Pretty much anywhere in the river that you can access will have smallmouth, some spots are better than others but its more find to find these yourself. In the spring I usualy stick with a rebel wee craw or crawfish imitation lure. During the summer and into the fall you can use white roostertails, 2" grubs on a jighead or small crankbaits and catch them all day long. Look for areas of slack water in the rapids or the tailouts at the bottom of a set of rapid. There are some nice ones in there but you will catch 20 12"ers for every decent one you catch.

Scott Williams


----------



## Lewzer (Apr 5, 2004)

With all the rain we have had, the combined sewer overflows have been working overtime. Watch out for floating turds, used condoms, tampon applicators and a stray syringe or two.
Other than that, the smallie fishing can be pretty fun.


----------



## coachfozz (Mar 19, 2006)

Was down there on Sunday, and the river is pretty high. I think we need a good week of no rain before it is fishable down there. Still some nice Smallies down there. I caught a few in 15-17 inch range, but mostly dinks which are fun to catch as well.


----------



## jonnythfisherteen2 (Mar 5, 2011)

i dug though my tackle box, and i found
*mepps comet mino size 2 silver blade
*mepps blackfury 0 size chartuse hair
*little cleo 1/8 oz chartuse spoon
*acme phobe nickel blue 1/4 oz
*bomber fat a crawfish brown 5/16 oz
*bass pro tourney crawfish 1/6 oz
*rapala original floater jo7 perch
i am talking about fishing the section along cuyahoga street.


----------



## PolymerStew (Feb 17, 2009)

I usually check the nearest monitoring site on the USGS website to see what the river flow is at before I go fish the river, the site at Old Portage road is closest

http://waterwatch.usgs.gov/new/index.php?m=real&r=oh&w=map

It's showing 1500 cfs right now. The river in that area becomes too fast to wade if the river is over 200-300 cfs in my experience. Still possible to fish from shore of course, but when the river is this high the fishing is tough.

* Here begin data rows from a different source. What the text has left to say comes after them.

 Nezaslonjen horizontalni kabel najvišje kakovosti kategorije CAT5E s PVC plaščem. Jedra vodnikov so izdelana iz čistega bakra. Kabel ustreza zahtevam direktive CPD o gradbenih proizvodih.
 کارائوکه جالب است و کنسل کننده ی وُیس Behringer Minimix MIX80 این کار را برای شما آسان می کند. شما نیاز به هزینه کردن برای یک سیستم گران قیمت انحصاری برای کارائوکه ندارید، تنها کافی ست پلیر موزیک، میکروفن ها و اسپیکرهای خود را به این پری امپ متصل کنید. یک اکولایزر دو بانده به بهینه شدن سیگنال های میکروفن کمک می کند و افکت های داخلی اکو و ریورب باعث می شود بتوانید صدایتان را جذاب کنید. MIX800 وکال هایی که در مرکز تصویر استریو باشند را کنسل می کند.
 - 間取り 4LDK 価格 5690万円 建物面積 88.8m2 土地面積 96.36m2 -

I was getting lots of suckers Monday evening on another section of the Cuyahoga in Akron fishing nightcrawlers on the bottom. Most were in the 12-18" size range so they were a good fight on an ultralight. Kept a few to use as cutbait for catfish. Caught a bunch of white perch too, but mostly small ones.


----------



## bdawg (Apr 14, 2009)

I was hiking at the Gorge Park upstream of Cascade Valley last night. The water was definitely too high to fish! At the dam spillway water was shooting up 20' in the air when it hit the concrete blocks that slow the water down. Usually when the river is fishable the water is below the top of the blocks. 

Saw 2 guys dive off the fishing pier in the Edison Pool. They were in their early 20's. They climbed back up over the railing and jogged the trails with wet clothes! I think maybe they were training to be members of Seal Team 6! 

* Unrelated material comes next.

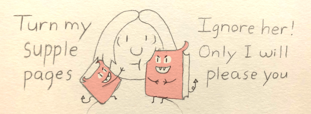 The boring dystopia of Succubus Temptations is certainly relatable, but I never felt like I was there. I wanted to see how normal people react to sex demons, and what exactly is happening in this apocalypse. The setting is clearly a backdrop for sex. And aside from all the gagging, the sex scenes aren’t bad. They’re presented as a guileless teen fantasy, complete with descriptions of length and girth. The unadorned language gets a little repetitive (I kept a running tally of uses of the word “clit,” but I can’t tell you the result because I scribbled it out and wrote “What am I doing with my life I have a degree” over it), but it works. The overall result, of wanton sex in a vaguely crumbling society, feels cathartic.

I like to hit the river in this area in the middle of summer when it's too hot to be on a boat. You can wade in shorts and cool off. Lots of 8-10" smallmouth in there. Never caught one bigger than 16" in that section. That section should be good right now once the water level goes down. The bass will be spawning in the slack water.


----------



## tractor5561 (Aug 17, 2008)

the cascade area is a great spot. I used to fish the chuckery portion every day after school for about 2 years....when it WOULD fish... shoot me a pm if you need directions on where to access the river at.


----------



## BASSINaDL (Aug 24, 2010)

about 2 or 3 miles down stream (where i live) is the best smallie fishing ive done in the cuyahoga with brown tube jigs, a few around 4 pounds. and a five pounder, and in the last two days ive accidently caught two pike the first one was 21" the second one was 17" all on tube jiggs.


----------



## JSykes3 (Oct 14, 2010)

I've caught a lot of smallmouth and a pike out of there. A friend of mine got a nice catfish. I've had my best luck on Chartreuse/Yellow rooster tails and Rebel craws. Watch out for snags. There are a ton of them.


----------



## DGwhistle40 (Jun 5, 2011)

BUMP

I live very near there ... anybody having luck?


----------



## justinmay123 (Jul 6, 2009)

swimming above the edison dam..gross


----------